Dr. Hariri: Well, Phil, you know that I made it my mission to keep you around long enough so that we can enjoy more and more time together. So, you know, the reality is that many years ago I had made the observation along with some other really great colleagues that we, as we age, we, we actually begin to use up and exhaust the population of STEM cells that are resident in all of our tissues and responsible for their renewal and renovation of our organs and tissues. I call those cells the regenerative engine. Okay? So if you think about it this way, our regenerative engine is fueled by STEM cells. Those STEM cells are an exhaustible resource and they're exhaustible not just quantitatively. It's not that you just use up a limited supply. Those STEM cells in your tissues and organs actually get damaged over time. And so as we age, a combination of using them up and using up ever declining quality of cells, I think is the reason why we age. And there's a lot of evidence to support that. So many years ago we embarked on studying this and found out that first and foremost, the number of STEM cells in your organs and tissues decline with age. There's no doubt about that.
Dr. Stieg: And even the ones that you have aren't as potent, shall we say, as when you're 12 years old.
Dr. Hariri: Exactly. They're just not as good at doing their job. And so the reality is, you know, even even a surgeon can figure this out, Phil, you know, that if you're running out—
Dr. Stieg: I'll take that as a compliment.
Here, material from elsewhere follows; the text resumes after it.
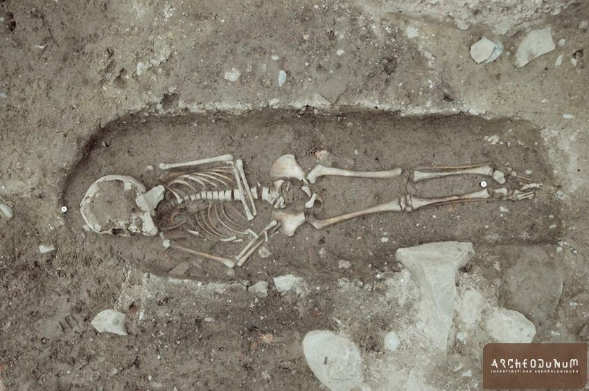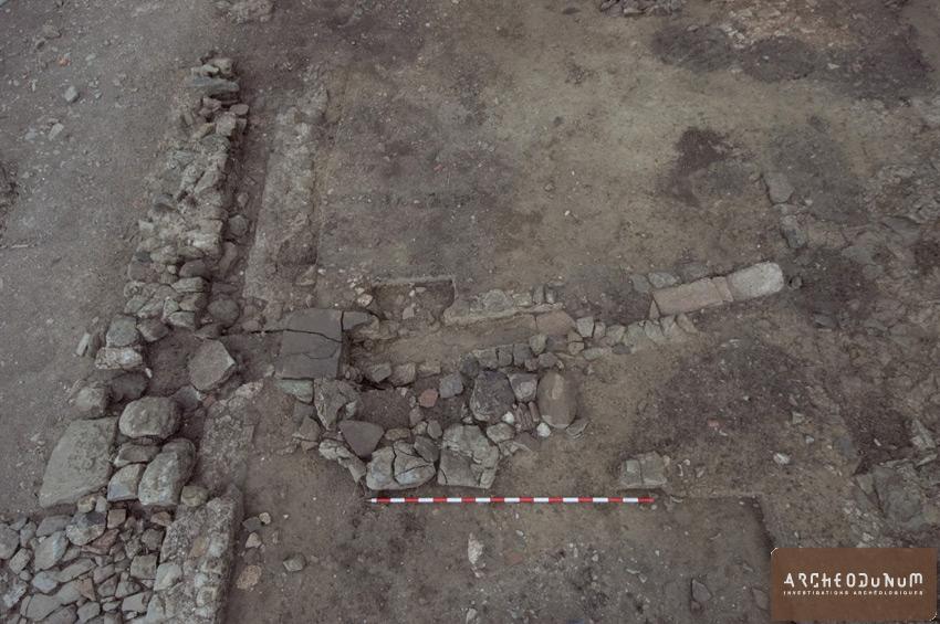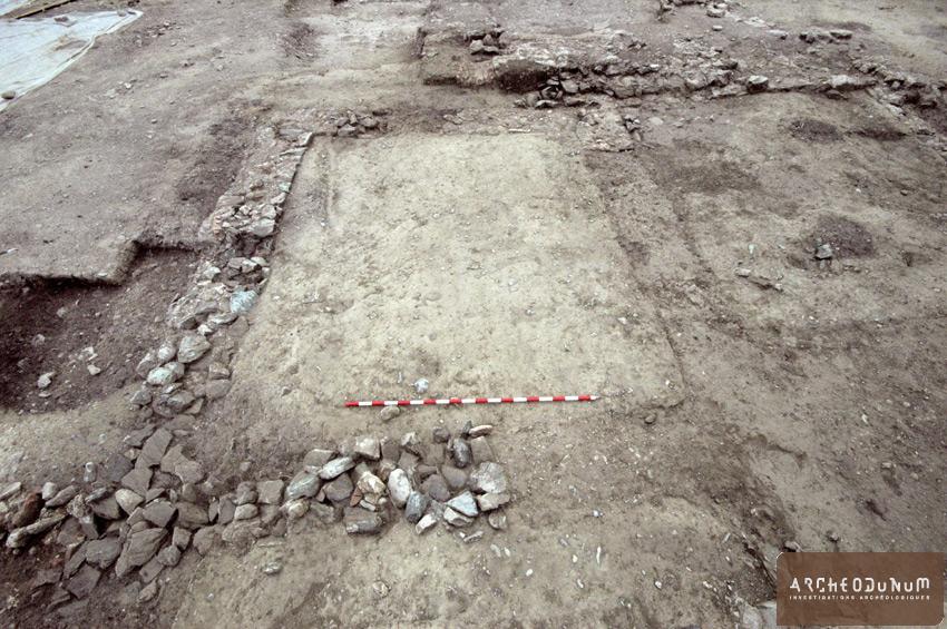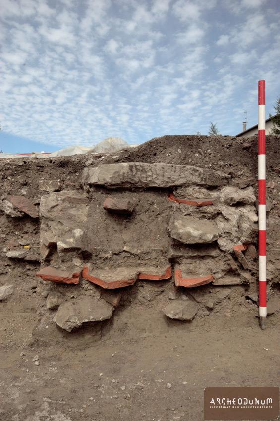 La société Archeodunum SA a réalisé une opération de fouille préventive dans la commune de Massongy à la route de l’église, au lieu-dit « Massongy-le-Bas » durant les mois de juillet et août 2008. Cette opération précède la construction d’un immeuble d’habitation (maître d’ouvrage Sarl Les résidences du Léman). La fouille a porté sur 900 m² centrés sur une terrasse comportant l’angle d’un bâtiment gallo-romain, sans doute périphérique au corps principal d’une villa. La nature des vestiges permet de proposer l’hypothèse d’un bâtiment à vocation thermale. Les débuts de l’occupation du site ne sont pas connus, mais doivent être relativement précoces si l’on se réfère à la première phase de démolition datant du milieu du Ier s. ap. J.-C. La suite se caractérise par une occupation avec diverses évolutions architecturales s’étendant jusqu’au IIIe-IVe s. ap. J.-C. sans doute. Le bâtiment est abandonné au IVe-Ve s. ap. J.-C., auquel se substituent des constructions plus légères. L’occupation de cet espace rural a donc perduré au moins jusqu’au Haut Moyen Age. La fouille a aussi mis en évidence une très grande quantité de fosses recoupant la majorité des structures romaines. Si la nature de ces creusements reste souvent énigmatique. Il est probable qu’il s’agisse de plusieurs phénomènes pouvant correspondre à des constructions légères, à la récupération des anciennes maçonneries, à l’extraction de matériaux ou à des chablis. Une tombe isolée a par ailleurs été dégagée au centre de la parcelle. Elle contenait les restes d’un enfant âgé de 7 à 9 ans. La datation par radiocarbone fournit une fourchette chronologique entre 1449 et 1641 ap. J.-C. Cette tombe peut être rattachée au cimetière de l’église Saint-Jean-Baptiste située non loin.

Dr. Hariri: I think we both, we stand unified in that right. But the reality is we, we recognize that, that one of the easiest strategies is, okay, as we age, if we're using up STEM cells and the STEM cells we have left behind aren't as good, why not just replace them with young STEM cells? So just to give you a little hint on where this has the potential to lead, many years ago, based on a hunch, we collected the placental STEM cells from experimental animals at birth, processed and stored them away, and then gave these animals back doses of their own STEM cells as they aged. We were shocked by what we saw. The animals who got back doses of their own STEM cells as they aged, lived 40% longer than their litter mates. Think about what that would translate to in a human being. You know, 120 140 years of age would be realistic. Now we're along—
Dr. Stieg: Do you have a phone number that you want me to publicize? *laughs*
Dr. Hariri: I mean, look, you know, I'm not the only guy interested in this. I think that everybody, everybody over the age of 50 is saying to themselves, you know, there's no reason why I can't maintain my high performance mobility, my high performance cognitive function, my thinking, and my youthful aesthetics well into my 80s, 90s, early 100s. I think we're on the threshold of, of STEM cells being being used as a tool to do that, but here's the problem: In order to do this in today's conventional healthcare environment, you've got to go through the same clinical trials you would to get a product approved for treating cancer.
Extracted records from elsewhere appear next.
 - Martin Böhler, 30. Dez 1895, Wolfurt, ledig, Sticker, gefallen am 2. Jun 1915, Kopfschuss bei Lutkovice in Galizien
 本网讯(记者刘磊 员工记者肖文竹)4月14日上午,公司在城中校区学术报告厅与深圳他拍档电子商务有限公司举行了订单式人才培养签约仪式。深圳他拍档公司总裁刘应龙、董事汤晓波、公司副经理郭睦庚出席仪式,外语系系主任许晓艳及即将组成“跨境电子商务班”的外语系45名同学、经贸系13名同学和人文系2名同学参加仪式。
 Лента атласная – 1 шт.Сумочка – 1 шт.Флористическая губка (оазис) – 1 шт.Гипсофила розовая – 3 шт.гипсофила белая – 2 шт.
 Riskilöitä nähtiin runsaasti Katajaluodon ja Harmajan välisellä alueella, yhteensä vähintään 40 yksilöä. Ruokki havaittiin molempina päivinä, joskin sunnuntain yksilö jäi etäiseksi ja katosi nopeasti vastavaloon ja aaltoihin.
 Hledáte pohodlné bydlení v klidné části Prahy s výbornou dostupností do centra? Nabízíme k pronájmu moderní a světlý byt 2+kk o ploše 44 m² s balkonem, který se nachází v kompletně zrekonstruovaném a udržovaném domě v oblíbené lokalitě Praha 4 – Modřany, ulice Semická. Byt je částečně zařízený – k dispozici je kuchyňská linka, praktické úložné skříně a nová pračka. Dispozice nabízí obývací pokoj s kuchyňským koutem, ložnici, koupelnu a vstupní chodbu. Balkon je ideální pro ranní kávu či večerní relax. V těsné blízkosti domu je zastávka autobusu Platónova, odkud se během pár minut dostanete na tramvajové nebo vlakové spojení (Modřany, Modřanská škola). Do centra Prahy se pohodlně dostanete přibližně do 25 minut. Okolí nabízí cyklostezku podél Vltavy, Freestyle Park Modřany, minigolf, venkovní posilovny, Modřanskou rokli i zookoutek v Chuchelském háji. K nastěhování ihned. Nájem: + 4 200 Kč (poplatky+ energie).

Dr. Stieg: So, access to this right now is basically for the person that can afford it and they go either to Bermuda or Europe or something...
Dr. Hariri: Or Panama, or the Bahamas...
Dr. Stieg: All these places. Or you are fortunate enough to get into a clinical trial and that's where I'd like to go is with where are you in regard to clinical trials and the specific diseases with STEM cell therapy.
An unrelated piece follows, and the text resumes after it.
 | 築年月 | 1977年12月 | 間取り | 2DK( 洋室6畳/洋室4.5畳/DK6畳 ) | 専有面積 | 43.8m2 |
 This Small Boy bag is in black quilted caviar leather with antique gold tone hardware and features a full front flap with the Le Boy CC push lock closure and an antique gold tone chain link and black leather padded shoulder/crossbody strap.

Dr. Hariri: So the company that I currently run, which is a spinoff of Celgene Corporation, Cell Therapy Division, is going after the big ticket clinical applications because as a company, our mandate is to be a sustainable, profitable business, and we're going to use that sustainability and profitability to invest in all the other really cool and interesting areas. So we're going after cancer, we're using STEM cells to give rise to immune cells that target cancer. We're giving rise to cells that are used to modulate the immune system to treat autoimmune disease. And we're giving rise to cells that can stimulate repair in treating things like diabetic foot ulcers and peripheral artery disease. All of that is clinically meaningful. But the long game here is to first and foremost continue to populate a dataset that says that cell therapy is safe and then use that as a basis to be more creative and risk tolerant to take these cells into treating things like age related degenerative diseases and ultimately to use them to enhance lifespan.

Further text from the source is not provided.